Sommes toutes, ce conflit se résumerait, a priori comme étant identique à celui issu de l’arrêt
Société des films Lutetia. Ce qui ne fut pas le cas.
Le problème étant ici l’ampleur de l’affaire. En effet, le ministre de l’intérieur (à cette époque,
M. Manuel Valls) s’en étant mêlé, les médias en firent un sujet prioritaire. En effet, ledit ministre
avait fait circuler une ordonnance demandant la non tenue des divers spectacles de Dieudonné.

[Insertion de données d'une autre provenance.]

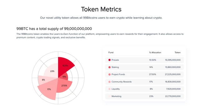 $99BTC kalpos kā lietderības žetons 99Bitcoins galvenajā platformā “Learn-to-Earn”, kas cenšas panākt masveida ieviešanu, izmantojot kriptovalūtu stimulus un sarežģītu tokenomiku.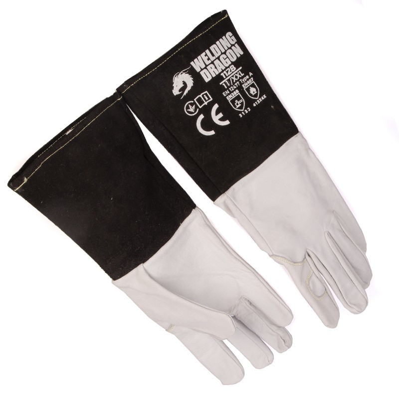 Рукавички зварювальника TIG Welding Dragon 1123 захищають руки під час робіт при аргонодуговому зварюванні. Модель є комбінацією двох різних видів матеріалів: крага - це спилок коров'ячої шкіри, долоня - гладка козяча шкіра. Зап'ясток зварювальника надійно захищений, а гладка шкіра на долоні дозволяє впевнено тримати пальник та керувати ним. Шви прошиті вогнетривкою кевларовою ниткою. У долонній частині підкладка з кевларової тканини для посилення стійкості рукавичок до механічних порізів та високих температур.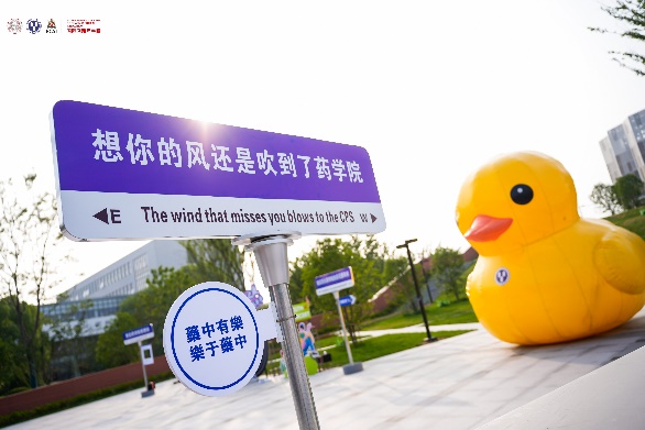 本次嘉年华活动现场还有药学院、国际创新药学院以及各大企业的展台,为大家提供招聘信息、创新产品介绍、创新技术展示等内容,各大展台也准备了精美的小礼品和饮料,让同学们在观赏精彩节目的同时也能轻松愉快。而一旁的嘉年华打卡墙更是吸引了不少同学前来拍照打卡,留下自己与药学院的合影。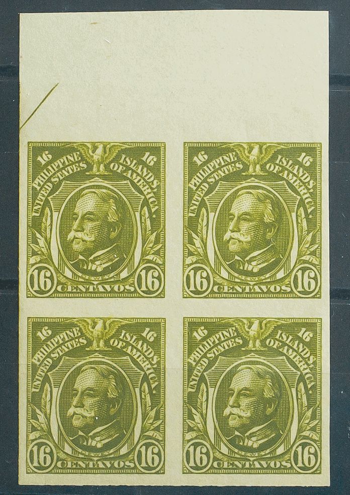 English ★★Yvert 212As(4). 1906. 16 cts olive green, block of four. NO TEETH. MAGNIFICENT. Yvert 2009: ++320 Euros

Cette politisation et médiatisation trop rapide de l’affaire firent apparaitre de nombreuses
vagues de contestations. Ce qui aurait pu avoir pour conséquence un trouble à l’ordre public
probablement supérieur à celui provoqué par la tenue d’un spectacle de l’artiste. Cependant, il
apparait évident de reconnaitre que des possibles injures antisémites durant un spectacle ne
peuvent être admise ; ce qui justifie la colère de la Ligue des Droits de l’Homme et celle du
Ministère de l’intérieur.
Apparait donc ici une des limites de l’obligation de maintenir l’ordre public. En plus de pouvoir
se révéler dangereux pour les citoyens s’il est trop coercitif, le contrôle de celui-ci peut avoir un
effet inverse, il peut provoquer des tensions au lieu de les éviter. Tensions, qu’elles soient
politiques, culturelles ou religieuses, qui pourraient avoir de grave conséquences quant à la
stabilité politique et quant à la notion même d’ordre public.